Reproduce the entries that follow precisely, setting aside any images.

(Excerpts from a dataset)
==*==
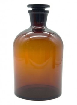 FRASCO PARA REACTIVO AMBAR DE 1L, DE VIDRIO NEUTRO, BOCA ANGOSTA CON TAPON ESMERILADO DE 31mm x OD 106mm x ALTO 190mm. LUZEREN
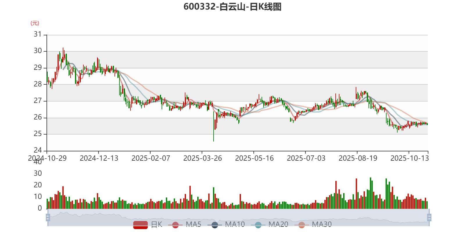 以10月28日收盘价计算,白云山目前市盈率(TTM)约为13.92倍,市净率(LF)约1.1倍,市销率(TTM)约0.54倍。
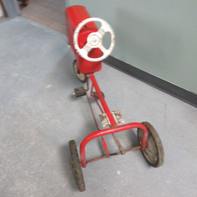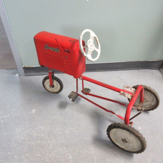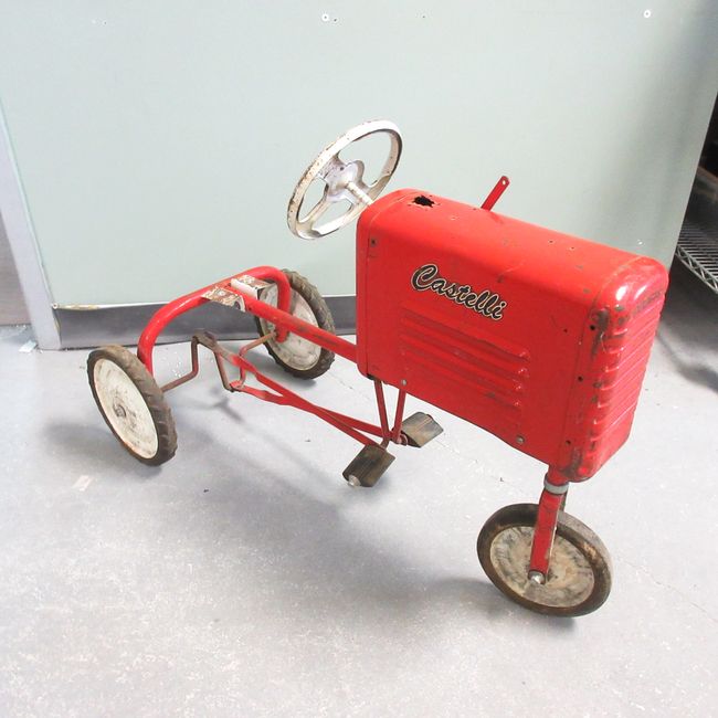 Current Bid: $40.10 [Refresh Price]YOU WILL NEED TO REFRESH THIS PAGE TO SEE UPDATED BID (Log in and this will update automatically) You must LOG IN or REGISTER to see this full page auction listing and bid. Auction is Over Winning Bid Amount: $40.10 **Lot Details: (LOT: F32) - Another Castelli Pedal Tractor with white wheels-1954-missing seat-29 inches long and 2 ft high-good pedals Log in to add this lot to your watch list or place a bid |
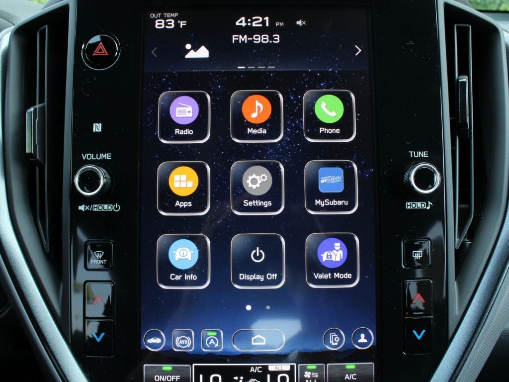 - Radio: Subaru STARLINK 11.6" Multimedia Plus Sys -inc: AM/FM stereo, HD Radio, multi-touch gesture high resolution display screen, voice activated controls, Bluetooth audio streaming and hands-free phone connectivity, Bluetooth hands-free SMS text messaging connectivity, iPod control capability, SiriusXM All Access Radio (4 months free trial included/subscription required after), SiriusXM Travel Link (4 months free trial included/subscription required after), smartphone integration: Android Auto and Apple CarPlay w/full screen view and wireless connection, USB and Over The Air (OTA) audio system update, steering wheel audio system and Bluetooth control switches, 6 speakers (2 dash panel tweeter, 2 front door and 2 rear door), illuminated 3.5mm auxiliary input jack, illuminated front USB A and C input/charge ports and illuminated rear USB A and C charge ports
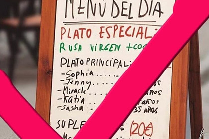 Испанская ассоциация Nueva Vida (Новая жизнь, прим. «Ленты.ру»), занимающаяся защитой женщин от жестокого обращения принесла извинения за скандальную социальную рекламу с «меню русских проституткок». Об этом представители российского диппредставительства и Россотрудничества сообщили РИА Новости.
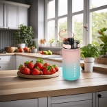 Sticla roz-albastră este un accesoriu practic pentru cei care doresc să-și urmărească aportul de apă pe parcursul zilei. Cu ajutorul scalei afișate cu infografică puteți controla mai bine câtă apă ați băut și cât mai trebuie să consumați. Volumul maxim este de 600 ml, ceea ce facilitează urmărirea aportului zilnic de lichide.<02p>
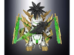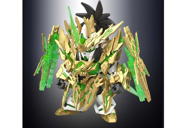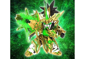 The awakened form of Liu Bei Unicorn Gundam is here, featuring updated coloring and armor! This model can be converted between sword and gun forms, as well as attached to back. Other weapon components from SD Sangoku Soketsuden kits can combine with Liu Bei!
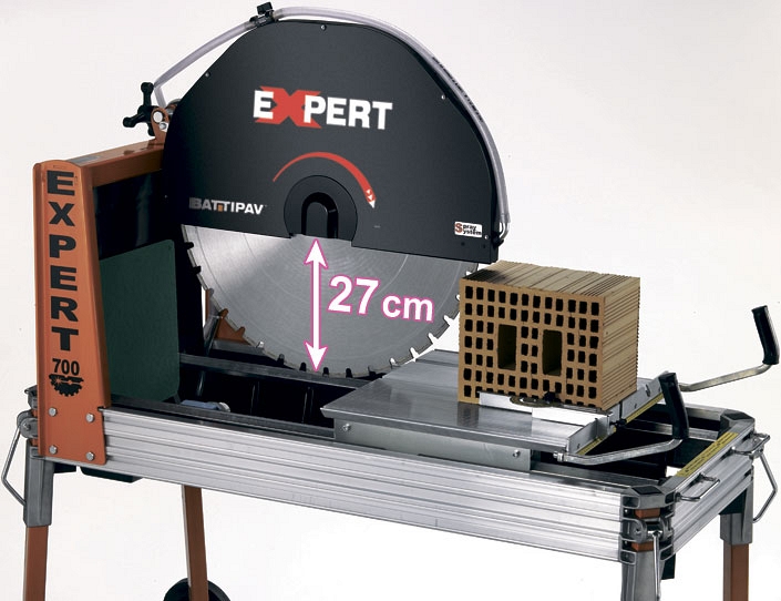 Камнерезный станок Battipav Expert 700 (Баттипав Эксперт 700) с водяным охлаждением режущего алмазного диска предназначен для прямой (до 580 мм) и диагональной (до 389 × 389 мм) резки кирпича, камня, природного камня, гранита, мрамора, бардюров, бетонных блоков, мраморных и гранитных плит, керамогранита, с максимальной глубиной резки до 340 мм (двойной проход), под прямым углом. Идеально подходит для строительной промышленности.
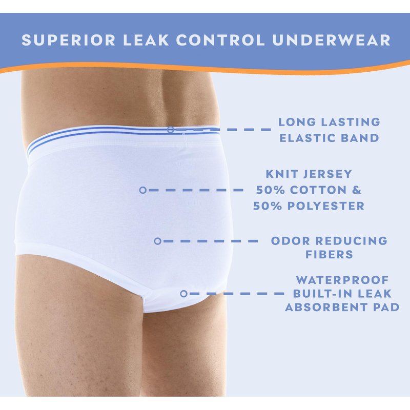 Wearever Incontinence Underwear for Men - Reusable & Washable Men's Bladder Control Briefs with Regular Absorbency - Leak Proof Underwear (Pack of 3) (White) (L)
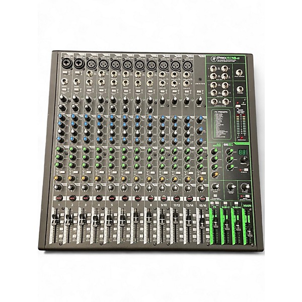 Used Mackie ProFX16v3 unpowered mixer in excellent condition, delivering Pro-grade mixing with 16 channels, 11 Onyx mic preamps, 24 built-in effects, and a 2x4 USB audio interface for easy recording and playback. Equipped with 3-band EQ, one-knob compression on select channels, high-resolution GigFX processing, and flexible routing for live sound, rehearsal, or streaming, it’s a reliable, great-sounding centerpiece for any setup.
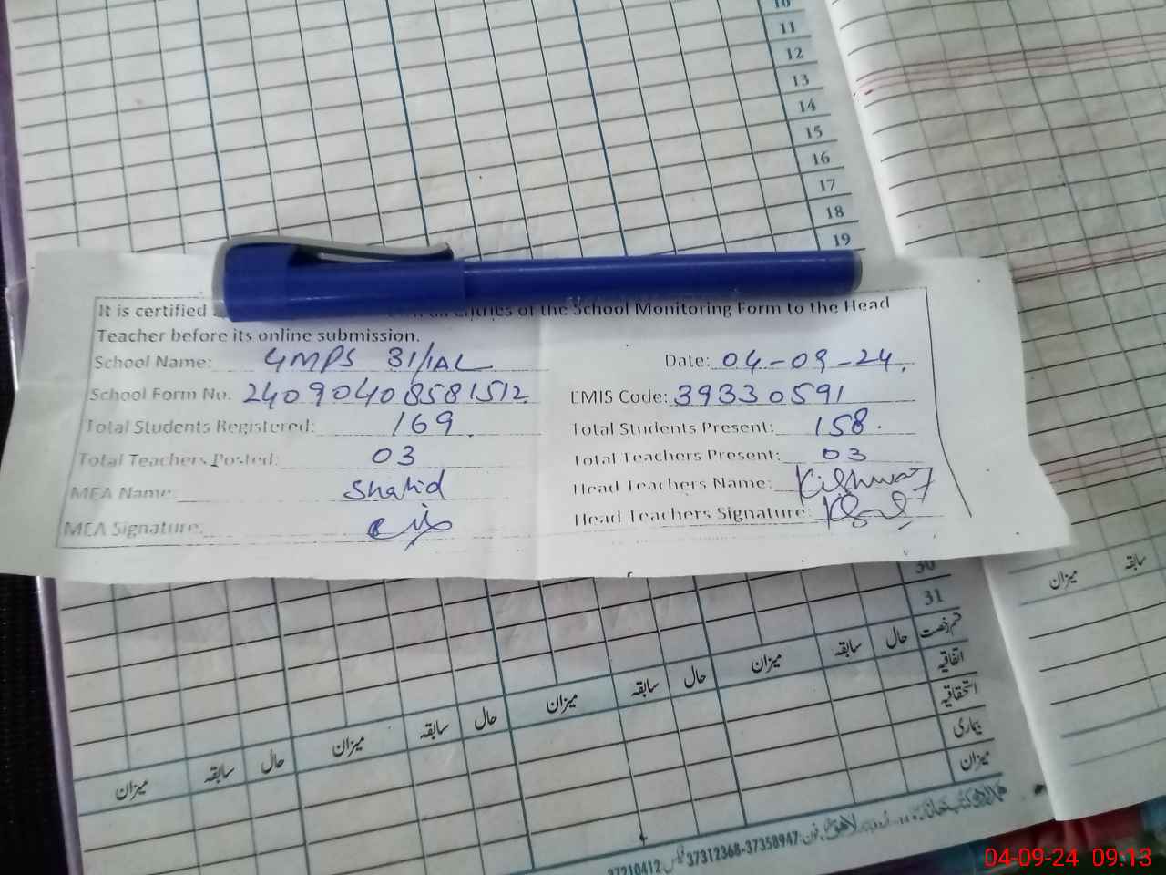 | Attendance Register | Head Teacher | MEA with School | Visit Proof |
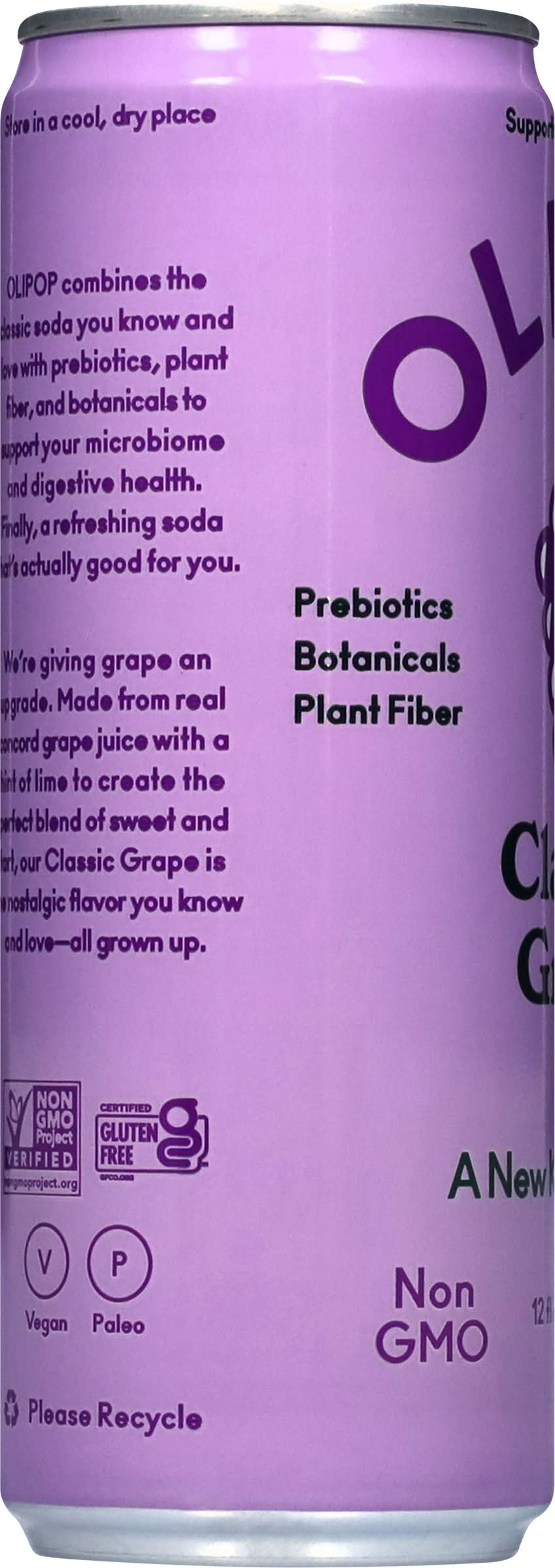 Soda, Classic Grape • Brand: Olipop • Flavor: Classic grape • gluten-free, vegan, GMO-free • Packaging: Reusable
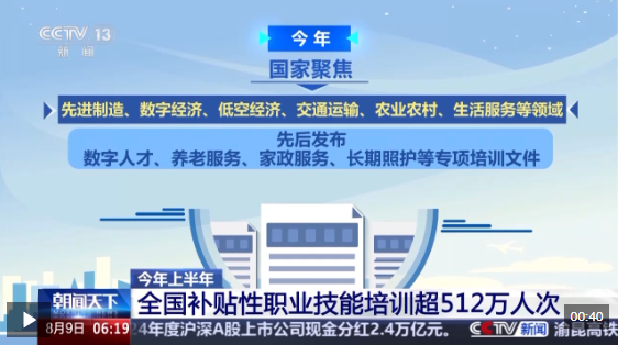 今年1至6月,全國完成補貼性職業(yè)技能培訓(xùn)超512萬人次,新增取得高級工及以上職業(yè)資格證書或職業(yè)技能等級證書185.1萬人次,其中技師及以上13.3萬人次。
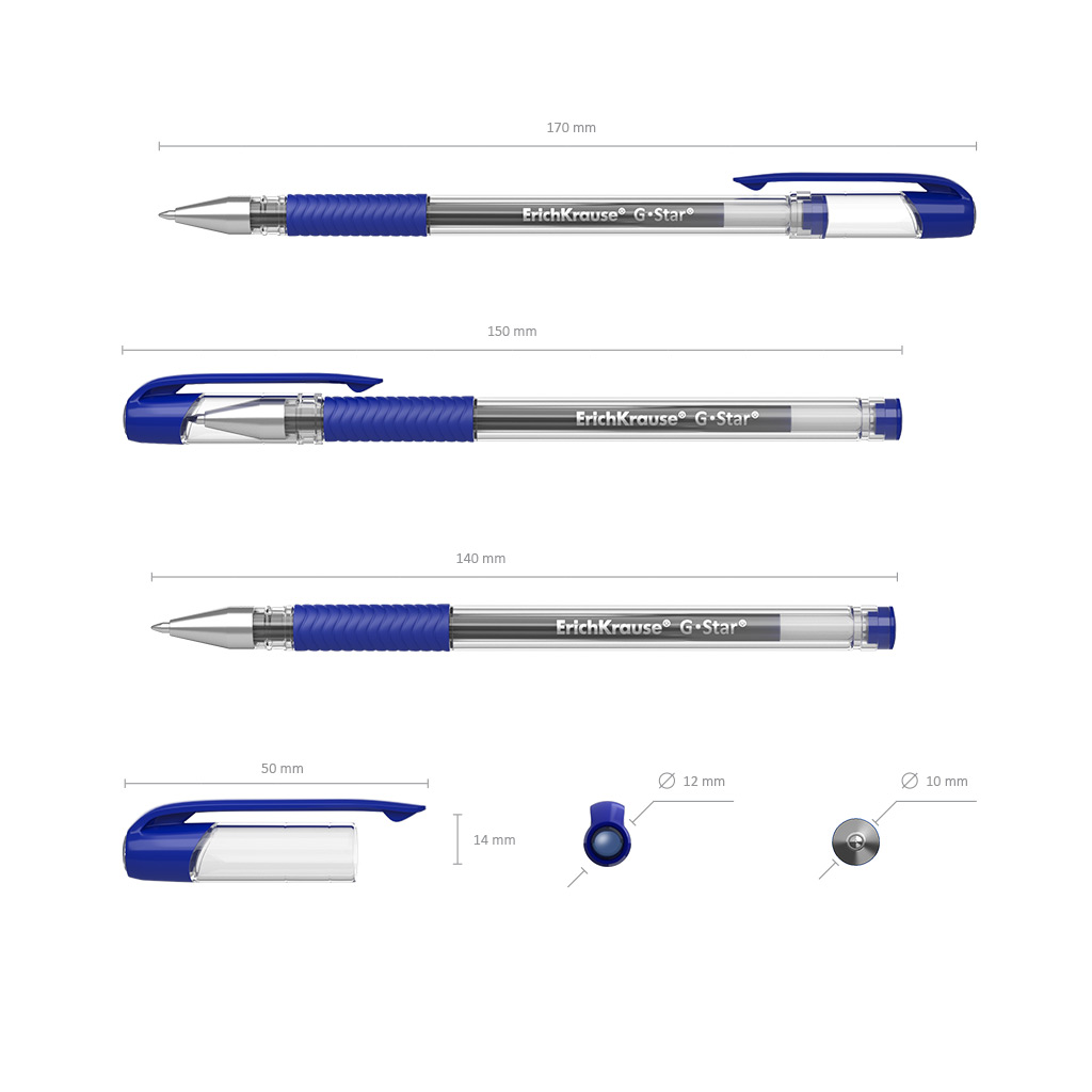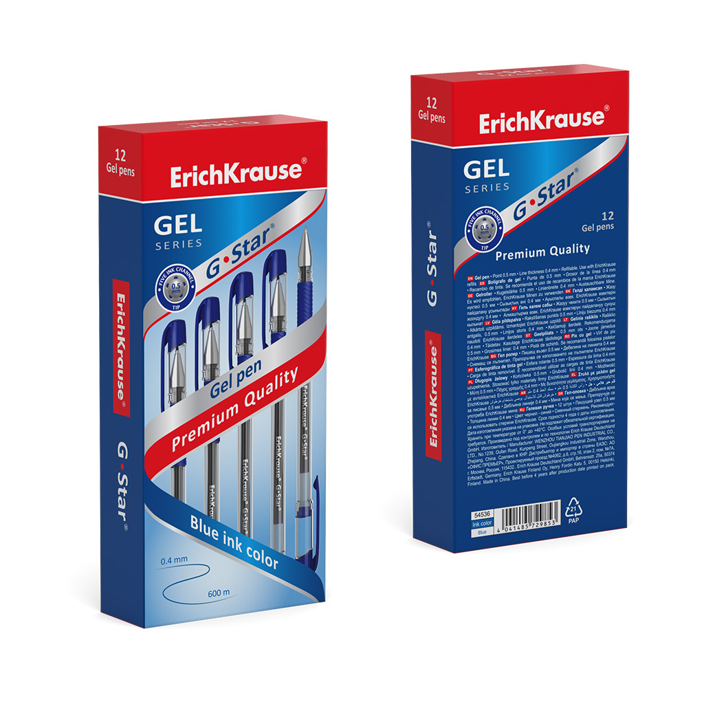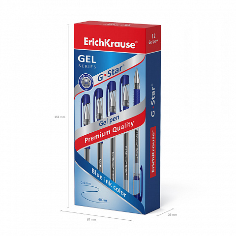 Ручка гелевая ErichKrause G-Star® Stick&Grip Classic 0.5, цвет чернил синий (в коробке по 12 шт.) |
==*==
## Output
 FRASCO PARA REACTIVO AMBAR DE 1L, DE VIDRIO NEUTRO, BOCA ANGOSTA CON TAPON ESMERILADO DE 31mm x OD 106mm x ALTO 190mm. LUZEREN
 以10月28日收盘价计算,白云山目前市盈率(TTM)约为13.92倍,市净率(LF)约1.1倍,市销率(TTM)约0.54倍。
 Current Bid: $40.10 [Refresh Price]YOU WILL NEED TO REFRESH THIS PAGE TO SEE UPDATED BID (Log in and this will update automatically) You must LOG IN or REGISTER to see this full page auction listing and bid. Auction is Over Winning Bid Amount: $40.10 **Lot Details: (LOT: F32) - Another Castelli Pedal Tractor with white wheels-1954-missing seat-29 inches long and 2 ft high-good pedals Log in to add this lot to your watch list or place a bid |
 - Radio: Subaru STARLINK 11.6" Multimedia Plus Sys -inc: AM/FM stereo, HD Radio, multi-touch gesture high resolution display screen, voice activated controls, Bluetooth audio streaming and hands-free phone connectivity, Bluetooth hands-free SMS text messaging connectivity, iPod control capability, SiriusXM All Access Radio (4 months free trial included/subscription required after), SiriusXM Travel Link (4 months free trial included/subscription required after), smartphone integration: Android Auto and Apple CarPlay w/full screen view and wireless connection, USB and Over The Air (OTA) audio system update, steering wheel audio system and Bluetooth control switches, 6 speakers (2 dash panel tweeter, 2 front door and 2 rear door), illuminated 3.5mm auxiliary input jack, illuminated front USB A and C input/charge ports and illuminated rear USB A and C charge ports
 Испанская ассоциация Nueva Vida (Новая жизнь, прим. «Ленты.ру»), занимающаяся защитой женщин от жестокого обращения принесла извинения за скандальную социальную рекламу с «меню русских проституткок». Об этом представители российского диппредставительства и Россотрудничества сообщили РИА Новости.
 Sticla roz-albastră este un accesoriu practic pentru cei care doresc să-și urmărească aportul de apă pe parcursul zilei. Cu ajutorul scalei afișate cu infografică puteți controla mai bine câtă apă ați băut și cât mai trebuie să consumați. Volumul maxim este de 600 ml, ceea ce facilitează urmărirea aportului zilnic de lichide.<02p>
 The awakened form of Liu Bei Unicorn Gundam is here, featuring updated coloring and armor! This model can be converted between sword and gun forms, as well as attached to back. Other weapon components from SD Sangoku Soketsuden kits can combine with Liu Bei!
 Камнерезный станок Battipav Expert 700 (Баттипав Эксперт 700) с водяным охлаждением режущего алмазного диска предназначен для прямой (до 580 мм) и диагональной (до 389 × 389 мм) резки кирпича, камня, природного камня, гранита, мрамора, бардюров, бетонных блоков, мраморных и гранитных плит, керамогранита, с максимальной глубиной резки до 340 мм (двойной проход), под прямым углом. Идеально подходит для строительной промышленности.
 Wearever Incontinence Underwear for Men - Reusable & Washable Men's Bladder Control Briefs with Regular Absorbency - Leak Proof Underwear (Pack of 3) (White) (L)
 Used Mackie ProFX16v3 unpowered mixer in excellent condition, delivering Pro-grade mixing with 16 channels, 11 Onyx mic preamps, 24 built-in effects, and a 2x4 USB audio interface for easy recording and playback. Equipped with 3-band EQ, one-knob compression on select channels, high-resolution GigFX processing, and flexible routing for live sound, rehearsal, or streaming, it’s a reliable, great-sounding centerpiece for any setup.
 | Attendance Register | Head Teacher | MEA with School | Visit Proof |
 Soda, Classic Grape • Brand: Olipop • Flavor: Classic grape • gluten-free, vegan, GMO-free • Packaging: Reusable
 今年1至6月,全國完成補貼性職業(yè)技能培訓(xùn)超512萬人次,新增取得高級工及以上職業(yè)資格證書或職業(yè)技能等級證書185.1萬人次,其中技師及以上13.3萬人次。
 Ручка гелевая ErichKrause G-Star® Stick&Grip Classic 0.5, цвет чернил синий (в коробке по 12 шт.) |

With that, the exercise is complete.